• _WORK TASK_
Each line of the data must be given back verbatim, with pictures removed.

• _SUPPLIED DATA_
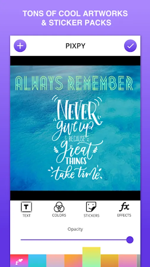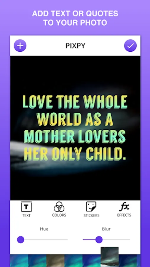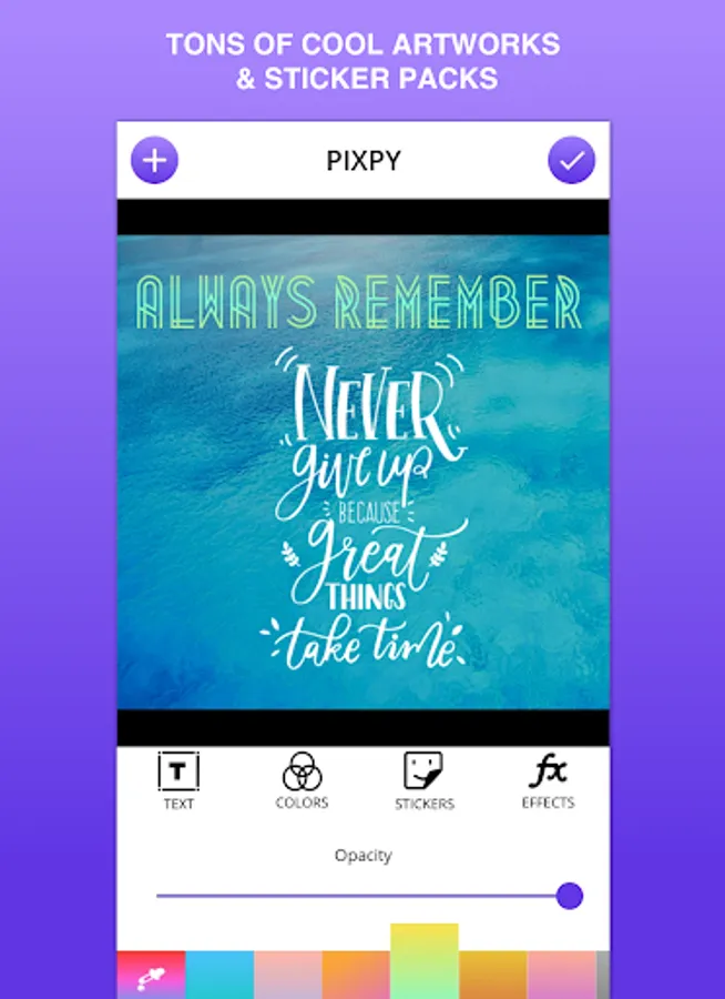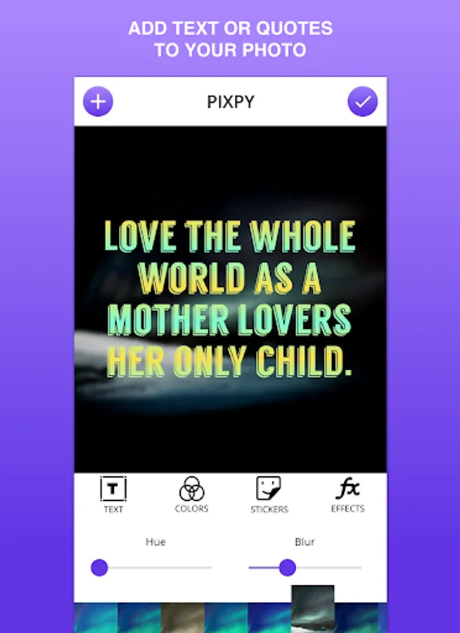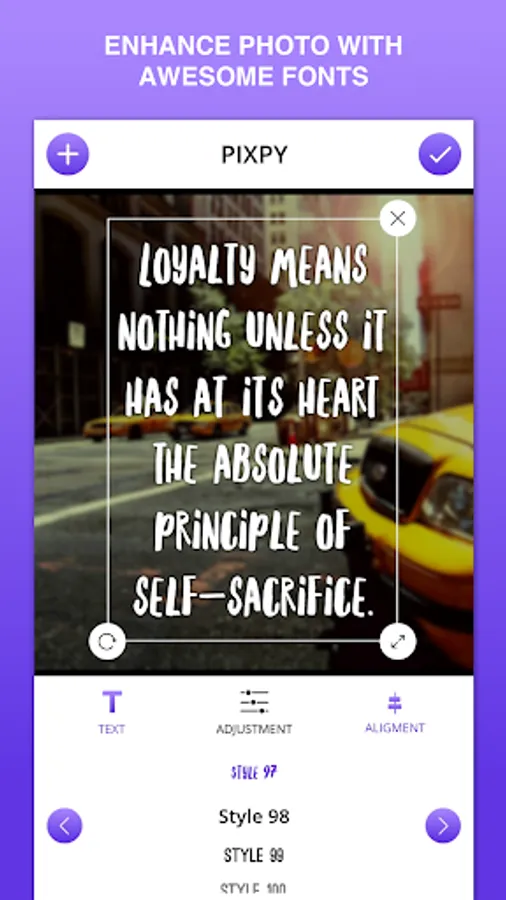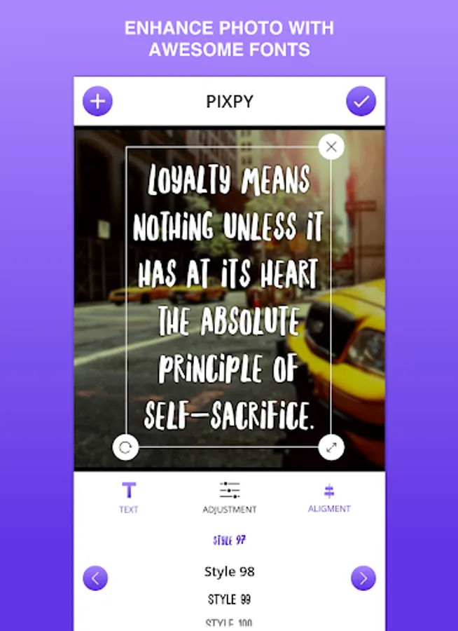PIXPY instantly get your text beautifully laid out on a background of your choice with just few taps. Adding text with PIXPY would not take much of your time in compare to Photoshop or a similar photo editor.
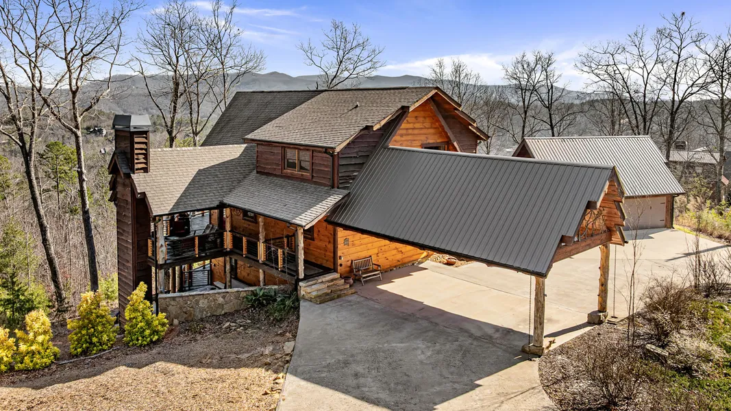 Experience mountain living at its finest with this stunning luxury cabin nestled just over three miles from downtown Blue Ridge. This beautifully crafted home offers a perfect blend of modern amenities and rustic charm. Large windows and expansive porches provide uninterrupted, panoramic views with plenty of outdoor living. It features four bedrooms, three bathrooms (two master suites) plus an extra bunk area. The oversized living area is open to the well appointed kitchen and has soaring cathedral ceilings creating an open and inviting atmosphere. Every detail has been meticulously crafted, combining high-end finishes with rustic charm. Hardwood floors, natural materials, and stylish design elements create a warm and sophisticated ambiance throughout the home. Enjoy cozy evenings by the outdoor fireplace, gather around the fire-pit or relax on the large porches adorned with beautiful mountain laurel railings. The three car garage is more than just a place for vehicles, it's a recreational haven equipped with TVs, arcade consoles and gaming tables, perfect for entertaining guests or enjoying family fun. An additional carport provides extra parking and storage space. No detail has been overlooked in this meticulously designed cabin. From the thoughtful layout to the quality craftsmanship, every aspect of this home exudes excellence and care.
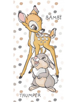 Prosop plaja Bambi si Bocanila, dimensiuni 70 x 140 cm, bumbac 100%, imprimat cu indragitul pui de caprioara Bambi si prietenul sau.

• _OUTPUT OF THE TASK_
PIXPY instantly get your text beautifully laid out on a background of your choice with just few taps. Adding text with PIXPY would not take much of your time in compare to Photoshop or a similar photo editor.
 Experience mountain living at its finest with this stunning luxury cabin nestled just over three miles from downtown Blue Ridge. This beautifully crafted home offers a perfect blend of modern amenities and rustic charm. Large windows and expansive porches provide uninterrupted, panoramic views with plenty of outdoor living. It features four bedrooms, three bathrooms (two master suites) plus an extra bunk area. The oversized living area is open to the well appointed kitchen and has soaring cathedral ceilings creating an open and inviting atmosphere. Every detail has been meticulously crafted, combining high-end finishes with rustic charm. Hardwood floors, natural materials, and stylish design elements create a warm and sophisticated ambiance throughout the home. Enjoy cozy evenings by the outdoor fireplace, gather around the fire-pit or relax on the large porches adorned with beautiful mountain laurel railings. The three car garage is more than just a place for vehicles, it's a recreational haven equipped with TVs, arcade consoles and gaming tables, perfect for entertaining guests or enjoying family fun. An additional carport provides extra parking and storage space. No detail has been overlooked in this meticulously designed cabin. From the thoughtful layout to the quality craftsmanship, every aspect of this home exudes excellence and care.
 Prosop plaja Bambi si Bocanila, dimensiuni 70 x 140 cm, bumbac 100%, imprimat cu indragitul pui de caprioara Bambi si prietenul sau.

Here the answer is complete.